On thing we found out in Dallas was that as soon as the zoo was taken away from city control, private donors were much more willing to support a fully private organization. Money, lots of money, came in shortly after.

Thanks for relaying that positive bit of news jbnbsn99, that must be very encouraging for the Dallas Zoo! Though you never know the outcome from city-to-city.
 
From my point of view the transition has been very positive. I know though that it was very hard on some employees. What the zoo ended up doing was a 3 year transition process in less than 60 days. Some sleepless nights from upper management I believe.
 
Dallas Zoo is privatley operated, I had no idea.

I understand Blackpool in the UK is, wondering what other city run zoos have become private enterprises?
 
Houston Zoo made the transition a few years ago ...I believe that they are quite pleased with the outcome. One big problem is that the employees, who are City employees, often lose all pension and other City benefits if they switch to the zoo foundation employment. Many must, therefore, leave the zoo to remain with the City.

Perhaps @Kifaru Bwana's concerns speak of the differences between the zoo situation in the US and that in the Netherlands? In many cases in the US, the municipalities cannot properly fund or manage the zoo and yet will not allow private funds to take over. Being supported by a municipality, especially a small one (a city rather than a county or larger entity) often means that the zoo is being restrained rather than being developed and grown.

On the other hand, many US zoos have benefited enormously from public bond issues. For that they need to have some link to the municipality. In many cases, the land and physical plant remain under municipal ownership, but the zoo is run (and the animals owned by, staff paid by, etc) the private group. This seems to be the best of both worlds as funds can come from everywhere! That is the case in New York City, Dallas, Cincinnati and elsewhere
 
My essay was meant to signify the situation in Europe (not just the Netherlands) vis a vis public operation versus private ownership of a zoo facility.

What to this moment has not been answered by anyone is what the current financial situation is of GLAZA vs. the LA Zoo finances. Can any of our US forumsters provide an in-depth analysis or indicate where to find the facts re. current LA Zoo finances and maintenance backlog.

Another issue I would like to see clarified more fully: whereas private ownership in the US seems to enable more success in fundraising from private sources ..., the publicly financed bonds by voters will probably be a thing of the past. What is the net financial result to this?
 
Another issue I would like to see clarified more fully: whereas private ownership in the US seems to enable more success in fundraising from private sources ..., the publicly financed bonds by voters will probably be a thing of the past.
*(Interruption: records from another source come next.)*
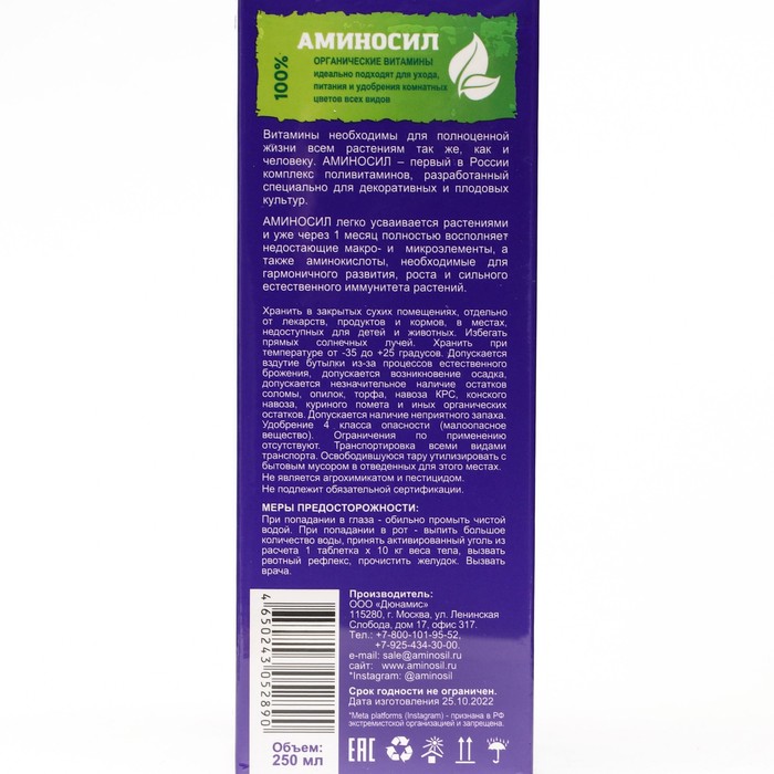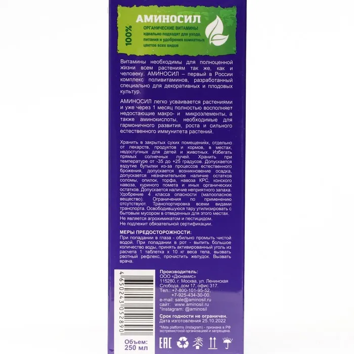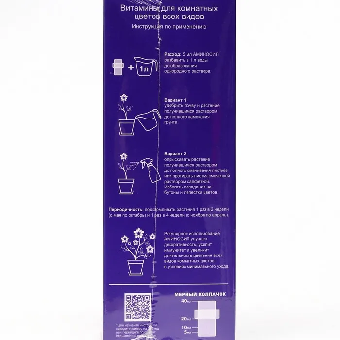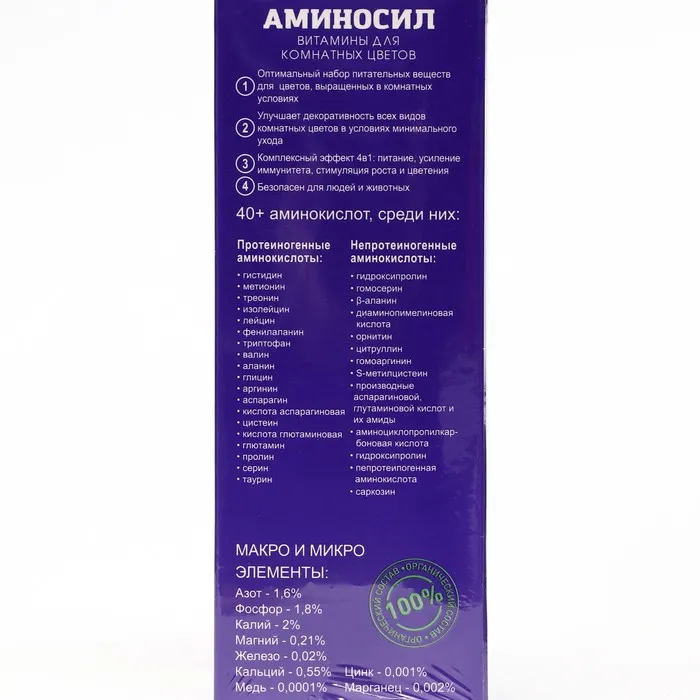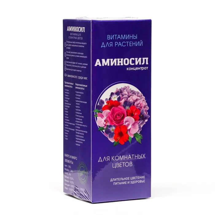 Витамины Аминосил для комнатных цветов это специально разработанный комплексный продукт, который способен обеспечить все необходимые элементы питания для здорового и красивого роста самых разных комнатных растений. Удобрение содержит все важные макро и микроэлементы, которые способны улучшить здоровье и красоту, а также ингредиенты, которые способствуют более интенсивному и длительному цветению. Поможет укрепить корневую систему и улучшить общее состояние растений. Макро и микроэлементы. 40+ аминокислот. Рекомендуется использовать в течение всего периода роста и цветения. Это позволяет достичь максимального результата и обеспечить вашим комнатным растениям все необходимые элементы питания. Если вы хотите обеспечить здоровый и красивый рост своих растений, то удобрение для комнатных цветов - это идеальный выбор для вас. Оно подходит для ухода за самыми разными растениями и поможет создать прекрасный оазис красоты и здоровья в вашем доме. Жидкая подкормка для домашних балконных комнатных цветов (чайная бенгальская полиантовая роза, фиалки орхидеи бегонии).5 мл витаминного концентрата Аминосил разбавить в 1 л воды до образования однородного раствора.Вариант 1: поливать почву и растение получившимся раствором ближе к основанию до полного намокания грунта.Вариант 2: опрыскивать растение получившимся раствором до полного смачивания листьев или протирать листья смоченной раствором салфеткой. Избегать попадания на бутоны и лепестки цветов.Периодичность: подкармливайте растения 1 раз в 2 недели (с мая по октябрь) и 1 раз в 4 недели (с ноября по апрель).Оптимальный набор питательных веществ для всех цветов, выращенных в комнатных условиях;Улучшает декоративность* всех видов комнатных цветов в условиях минимального ухода;Комплексный эффект 4 в1: питание, усиление иммунитета, стимуляция роста и цветения;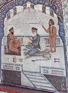 ![]() Fresco from the Udasi Chitta Akhara in Amritsar depicting Ganga Ram Viakarni (centre) with a disciple (left) and a fly-whisk attendant (chaur sahib; right) | |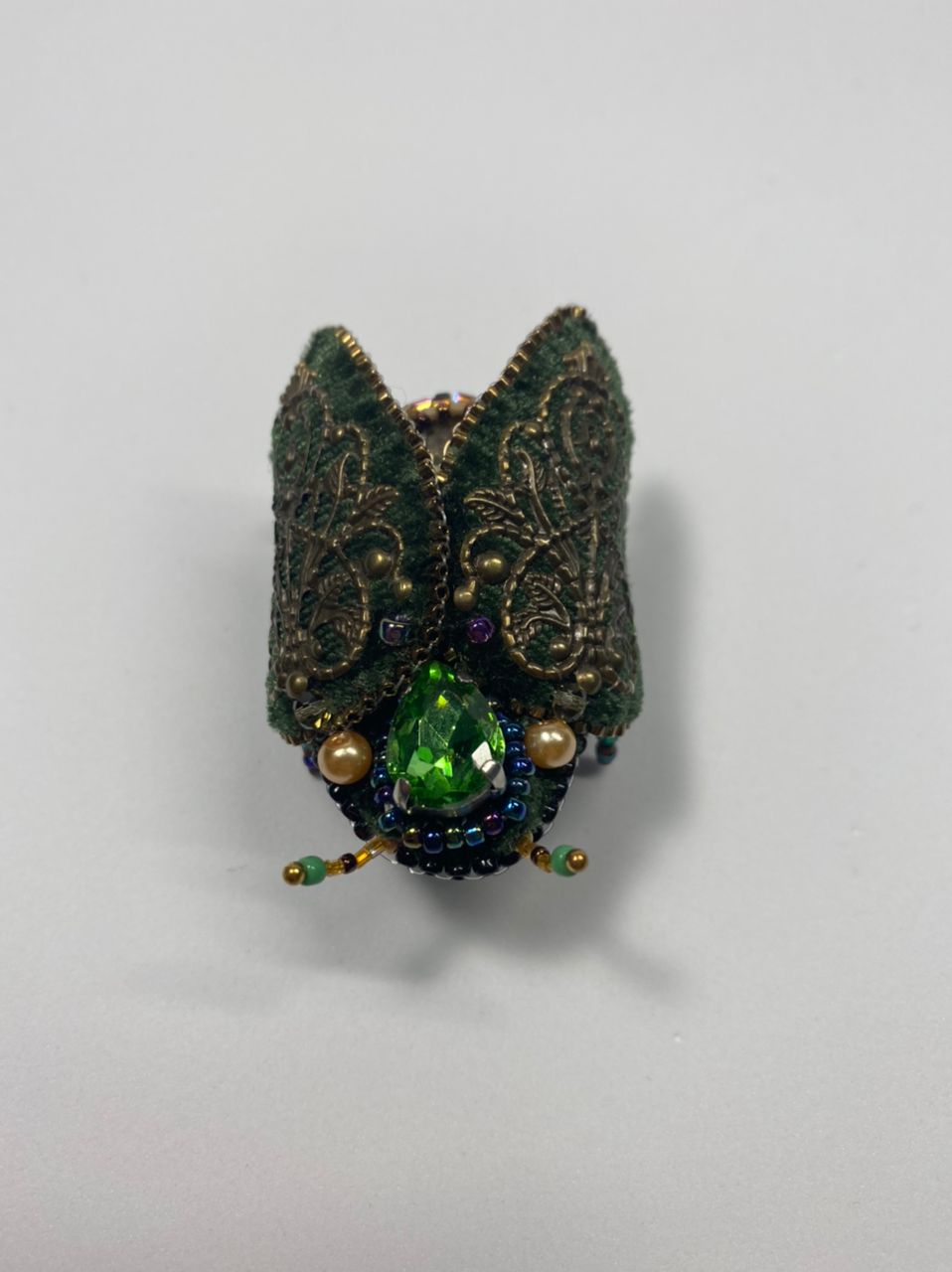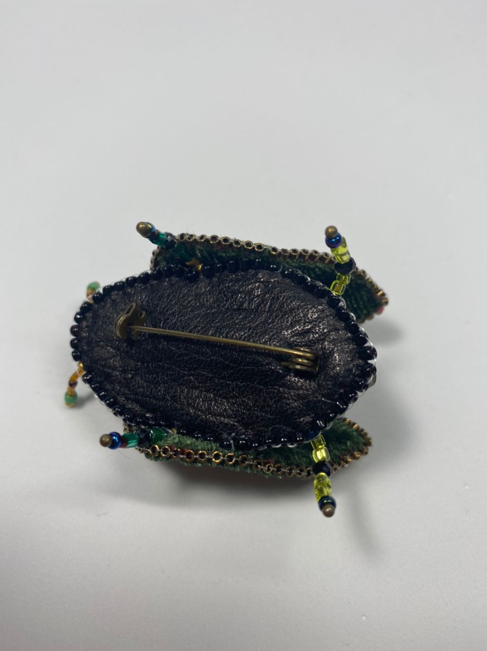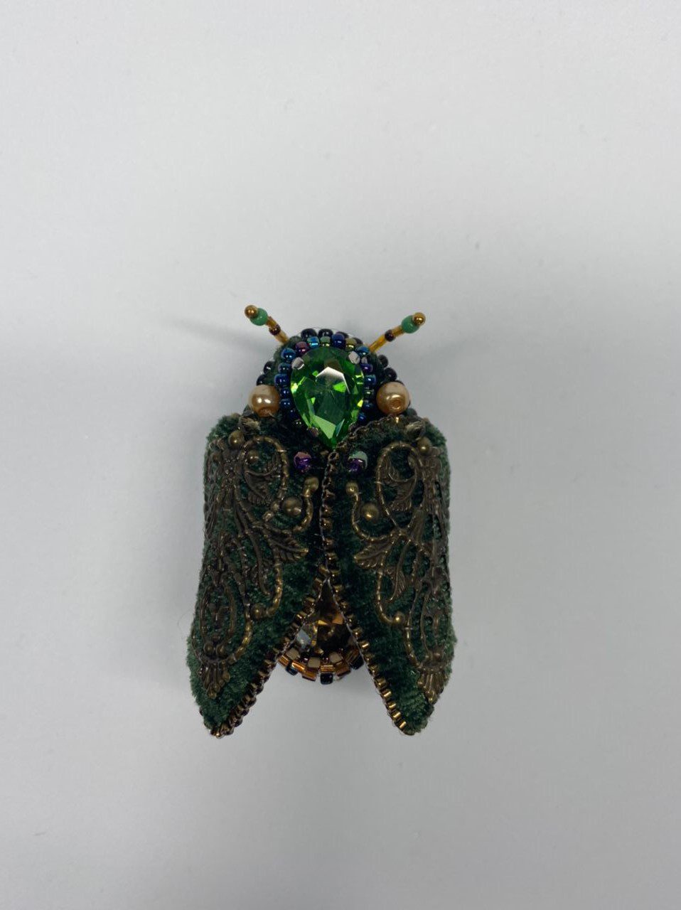 მწვანე, მოცულობითი, ხელნაკეთი ხოჭო – ბროში.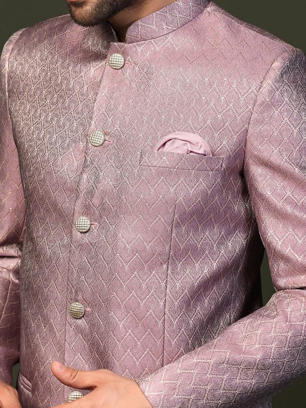 Make a regal style statement with the KISAH Men’s Jodhpuri Bandhgala Blazer (Lilac Jacquard, Size 44). Featuring a woven jacquard design, this blazer brings together classic Indian elegance and modern tailoring.
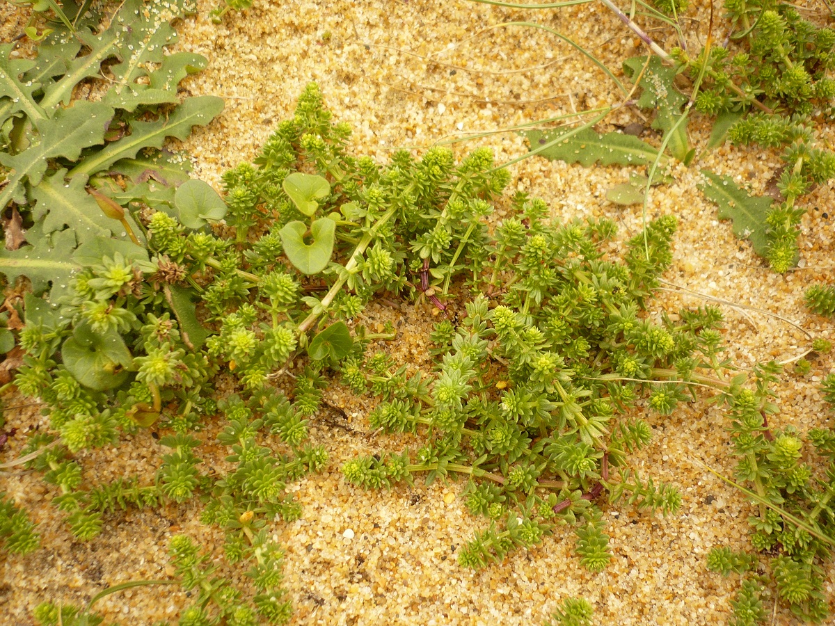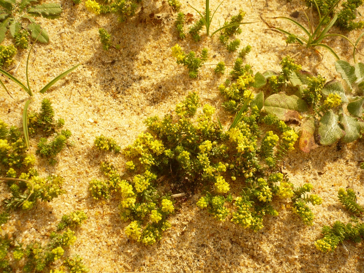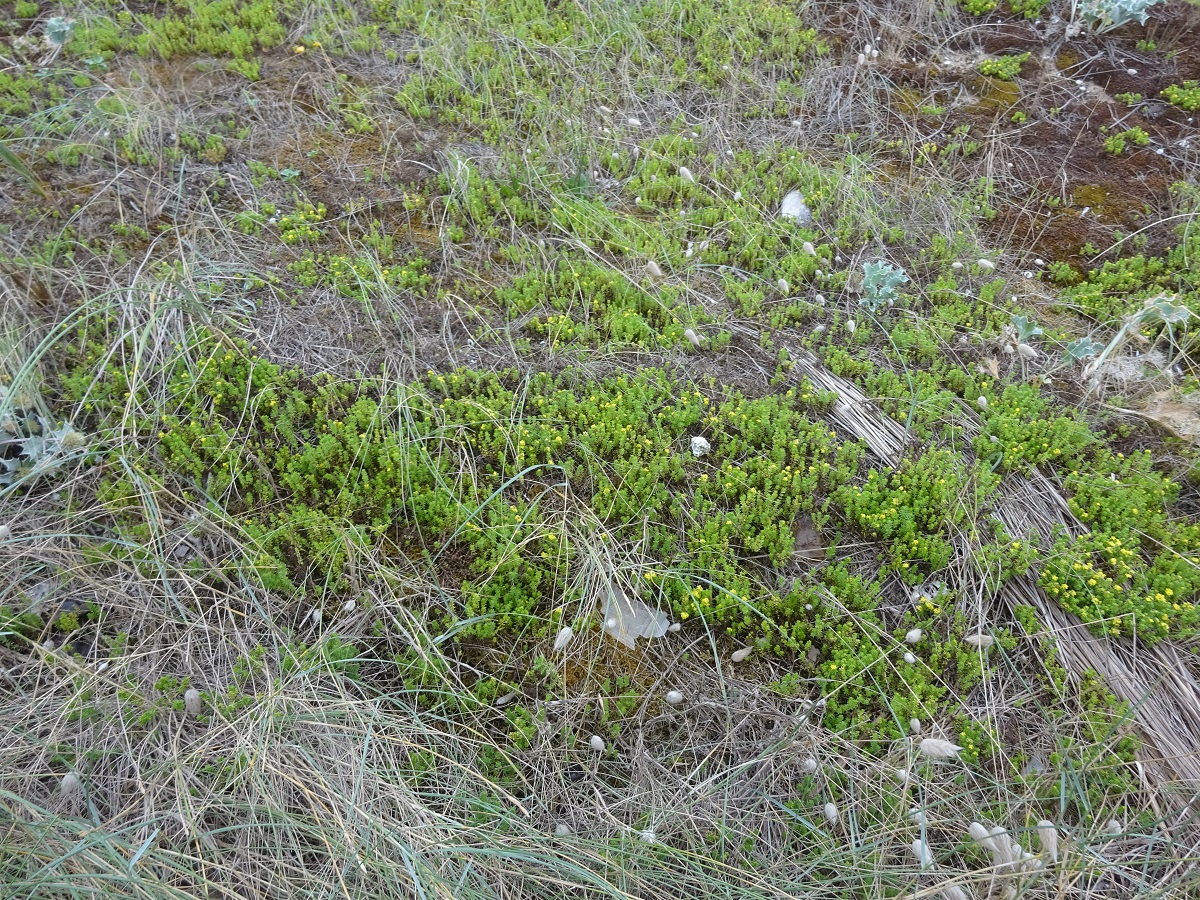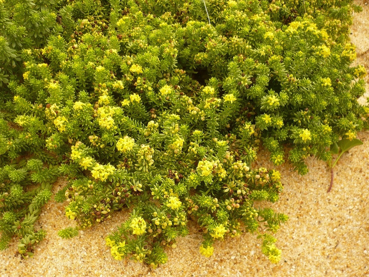 G à rhizome – 0,5-1,5 dm – Prostrée, « feuilles » obovales charnues L de 3-8 mm, très serrées – Têtes denses de fleurs de Ø 3-4 mm jaune d’or à 4 lobes aigus – Fruit de Ø ≃ 3 mm ± charnu

What is the net financial result to this?

It may seem counter-intuitive, but for the time being these voter bond issues seem to be in fine shape here. New ones have been approved recently and others are being proposed.
 
Voters do continue to approve funding for public cultural institutions. We had a small city election here in Tucson less than two months ago that illustrates this point. A group of realtors and police & fire support groups proposed an amendment to the city charter to require a larger percentage of police officers and fire fighters, but they did not provide any additional funding mechanism. What this meant is that if it passed, the city would be forced (by law) to reduce other services, probably starting with things like parks (which includes Reid Park Zoo), recreation centers, libraries, etc.

At our docent meetings we were told, in essence, passage of this bill would be a disaster for us. The city manager set up a series of public meetings to discuss funding priorities, which many docents attended. They said people strongly supported maintaining funding for parks and similar cultural services (including the zoo).

Since police & fire are obviously popular things to support, I was afraid the bill might pass. But it was OVERWHELMINGLY defeated - I think something like 70% against and 30% for. So in cities like ours that have city (or county) owned zoos, I do believe voters will continue to pass bond issues supporting those institutions.